The goal of the sub-network DIG is to generate detailed information of damaged murals based on the predicted global mask map Mg. DIG mainly consists of three cascaded bilateral guided fusion (BGF) modules (combined with residual connections) to achieve feature optimization from coarse to fine. This process can be formulated as \({M}_{{\rm{out}}}={f}_{1\times 1}\left({\rm{BGF}}(F,{M}_{{\rm{in}}})\oplus {M}_{{\rm{in}}}\right)\), where \({\rm{BGF}}\left(\cdot \right)\) denotes the BGF module. Under the guidance of Mg, through the iterative process of three BGF modules, the GIG can predict three refined feature maps \({M}_{{\rm{out1}}}\in {{\mathbb{R}}}^{16\times 16\times 1}\), \({M}_{{\rm{out2}}}\in {{\mathbb{R}}}^{32\times 32\times 1}\), and \({M}_{{\rm{out3}}}\in {{\mathbb{R}}}^{64\times 64\times 1}\). Mout3 is passed through the sigmoid activation function to generate a final damage prediction map. The details of the GIG network are shown in Fig. 1.

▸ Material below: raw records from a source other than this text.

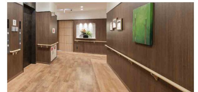
手すりを多く設置した広く明るい廊下

昨日より今日、今日より明日と、笑顔の数がひとつでも増えていくように。 お一人おひとりにとって本当にうれしい介護をカタチにしていまいます。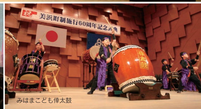
みはまこども侍太鼓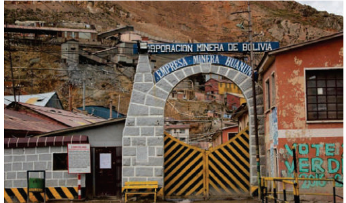
La Policía aprehendió a 4 "jucus" adolescentes por tratar de robar mineral de la estatal /REFERENCIAL

Según se conoció, dos adolescentes tienen 16 años, otro 14 y el restante 17, quienes serán imputados en la vía ordinaria por el hurto de mineral a la estatal.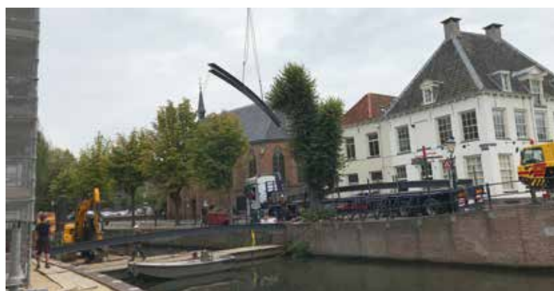
JOYCE DE LA CROIX

De prioriteit verschoof naar het museumgebouw: de drie muurhuizen aan de Breestraat hadden geen problemen, maar de in 1898 opgetrokken uitbouwen met de karakteristieke trapgevels waren losgescheurd. Hier en daar scheen het daglicht door de scheuren naar binnen. Om deze situatie te stabiliseren zijn op de begane grond een betonnen vloer en palen van 8 m lengte gestort. De uit-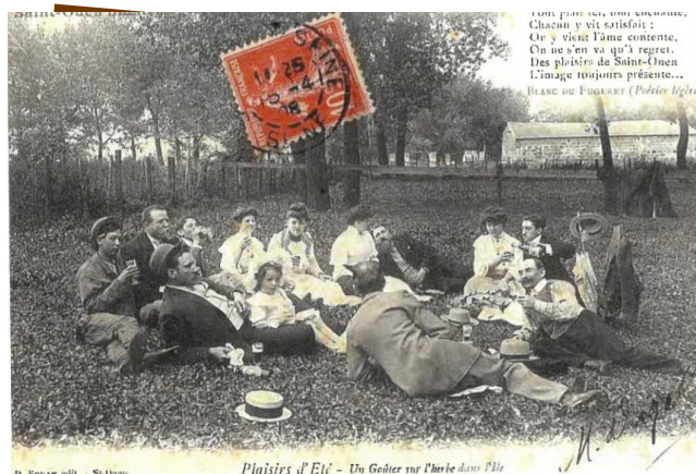
Enfants et adultes, femmes et hommes... Tout le monde vient à la guinguette !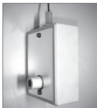
Verwijder nu de beschermingsfolie.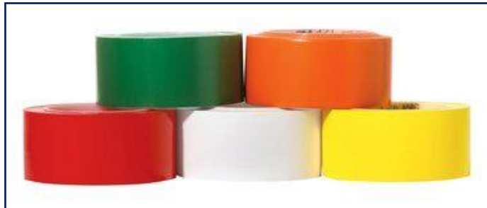
MARCACIÓN E IDENTIFICACIÓN CINTA 471 COLORES: AZUL, AMARILLO, BLANCO Y ROJO PVP: 33m x 50mm: 36,56 € / UN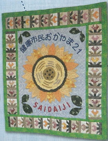
▲健康づくりキルト (健康市民おかやま21)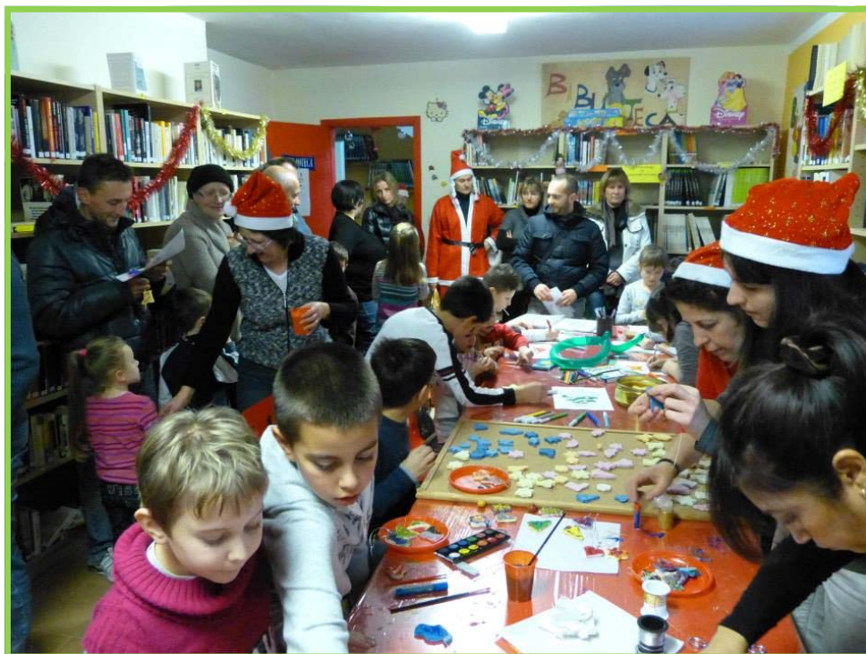
Bimbi durante la festa in biblioteca del 15 dicembre

Ogni uscita di questo editoriale sarà accompagnata da una foto che racconta un momento di vita gambaschese attuale o del passato, oppure che raffiguri un angolo caratteristico del nostro bel paese. Chiunque volesse far pubblicare una sua foto può rivolgersi alla segreteria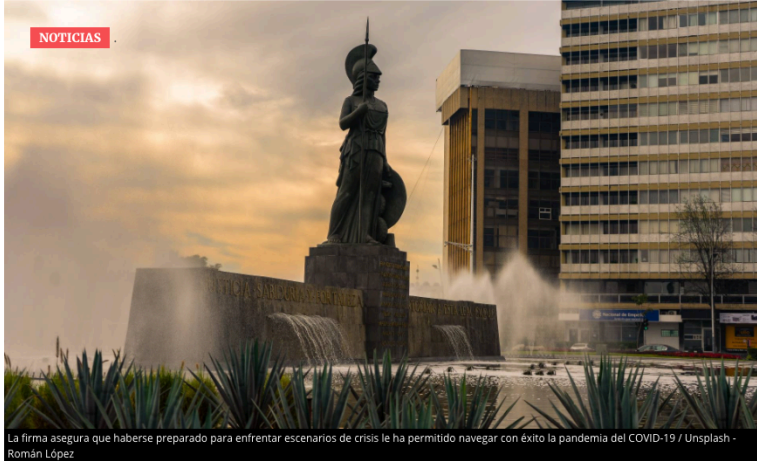
La firma asegura que haberse preparado para enfrentar escenarios de crisis le ha permitido navegar con éxito la pandemia del COVID-19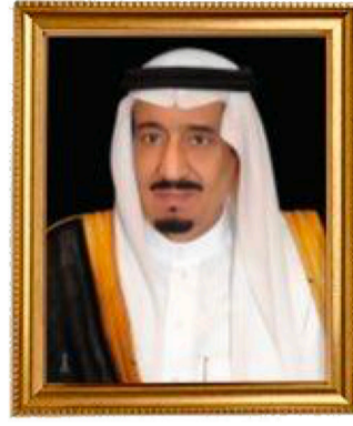
خادم الحرمين الشريفين أيده الله

تكون صورة المؤسس جلالة الملك عبد العزيز - طيب - الله - ثراه - في مكان الشرف في المنتصف وعلى يسار الصورة ( يمين الناظر ) صورة خادم الحرمين الشريفين وتكون صورة سمو ولي العهد على يمين صورة المؤسس ( يسار الناظر ) حسب الرسم اعلاه.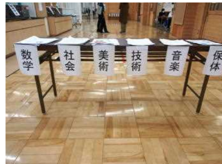
休業中の課題提出テーブル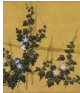
菱田春草「朝顔」 《最低入札価格》¥2,800,000

無二の親友だった横山大観と菱田春草は、日本美術院への参加や西欧への外遊など常に苦楽を共にし、春草が 36 歳で早逝するまで盟友として互いを高め合いました。六歳下の春草を師のように敬慕していたという大観は、晩年まで春草の才を称え、惜しんだといひます。近代日本画の誕生を支えた巨匠二人の作品をご紹介します。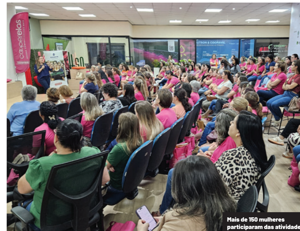
Mais de 150 mulheres participaram das atividades

A mulher, com suas habilidades e sensibilidade, contabiliza vitórias nos mais diferentes setores e em alguns deles, a exemplo do agronegócio, as habilidades femininas as tornam protagonistas de avanços e processos enriquecedores. Esse e outros assuntos foram debatidos durante o Impulso Day Cooperelas, organizado pela Unicoop (Universidade Coopavel) em parceria com Espaço Impulso e Itaipu Parquetec, em comemoração ao 8 de março, Dia Internacional da Mulher.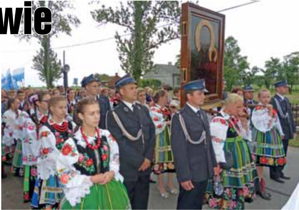
Kopię obrazu Matki Bożej Częstochowskiej niosą parafianki w strojach ludowych, w asyście strażaków.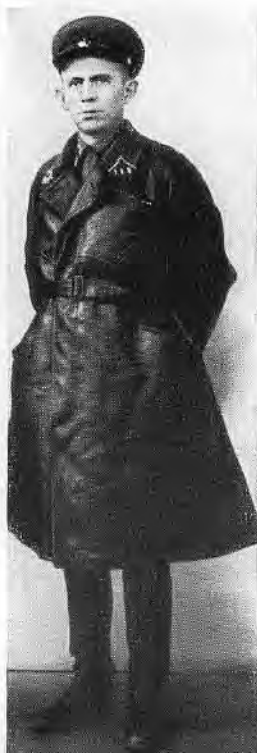
М. С. Громадин. 1939 г.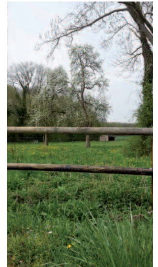
Les vénérables poiriers de la rue Paul Bert méritent un soin particulier

Les vergers godviciens sont à la veille de leur examen par le chargé de mission de l'association Connaître, Protéger la Nature (CPN). La taille de restauration débute en effet en mars et prendra une dizaine de jours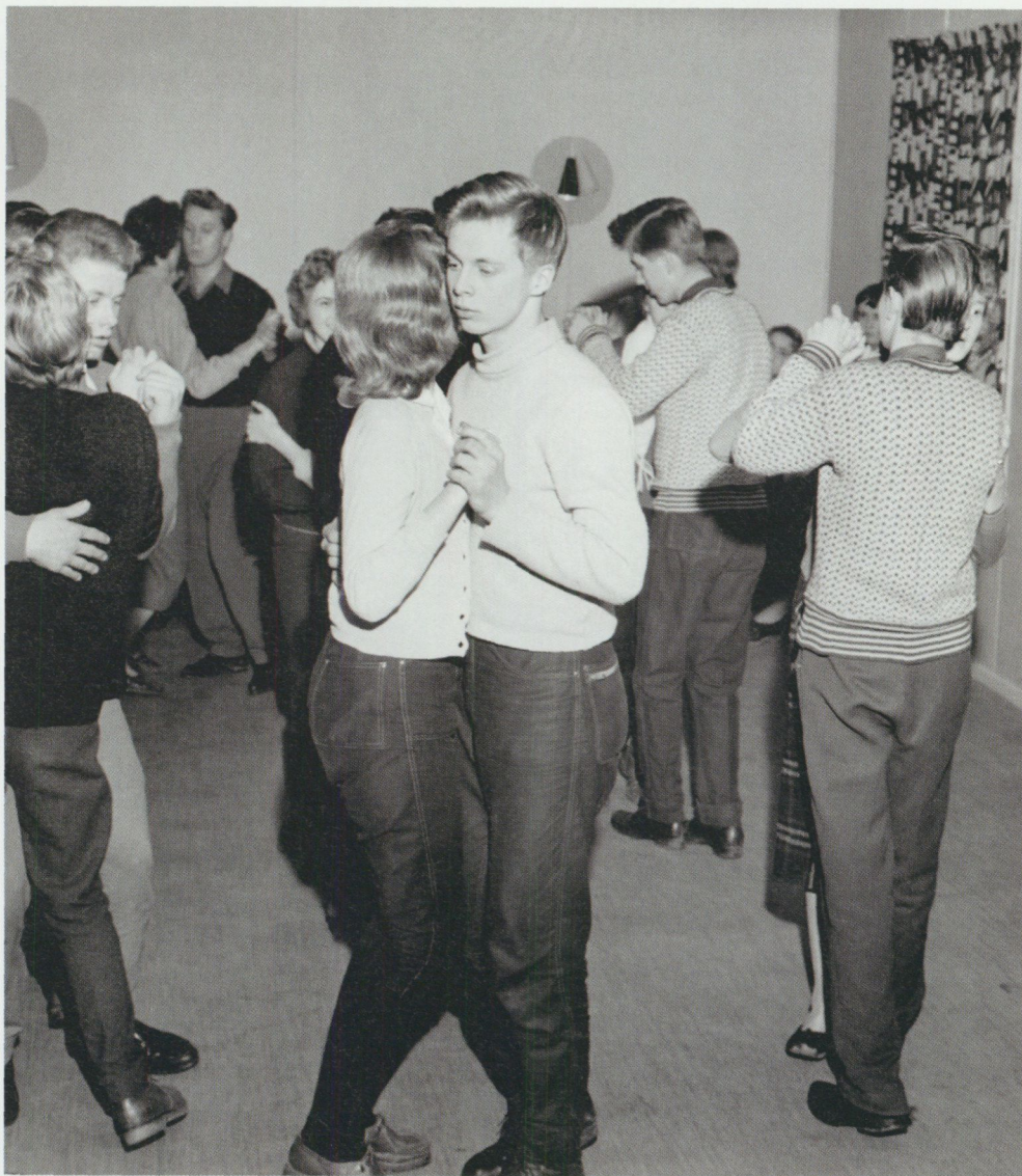
Par om par.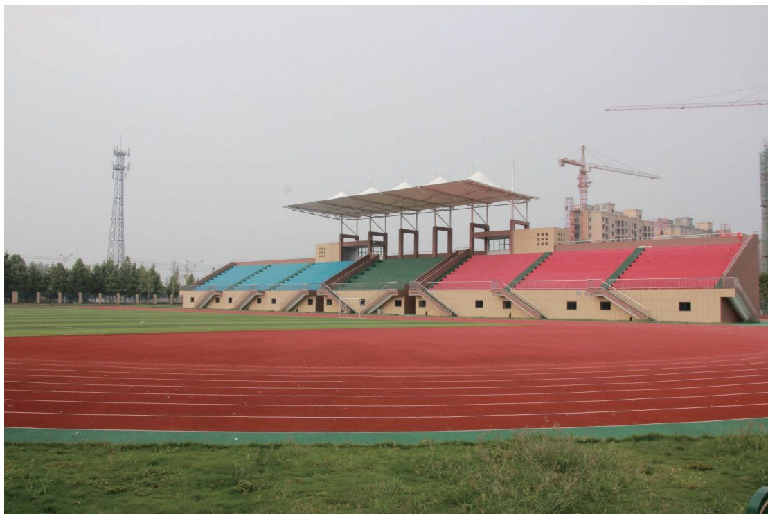
图 10 学校操场

The BGF modules build the connections between damaged regions and boundary information. Figure 3 illustrates the architecture of the BGF module. We up-sample Min to obtain a feature map Mup with the same size as F, and then use Mup to process F in two branches. One branch is used to focus on the detailed features of the damaged boundary. The other branch is used to enhance the features of the damaged region.

Fig. 3
figure 3

The architecture of the bilateral guided fusion (BGF) module and the detail of the RA module.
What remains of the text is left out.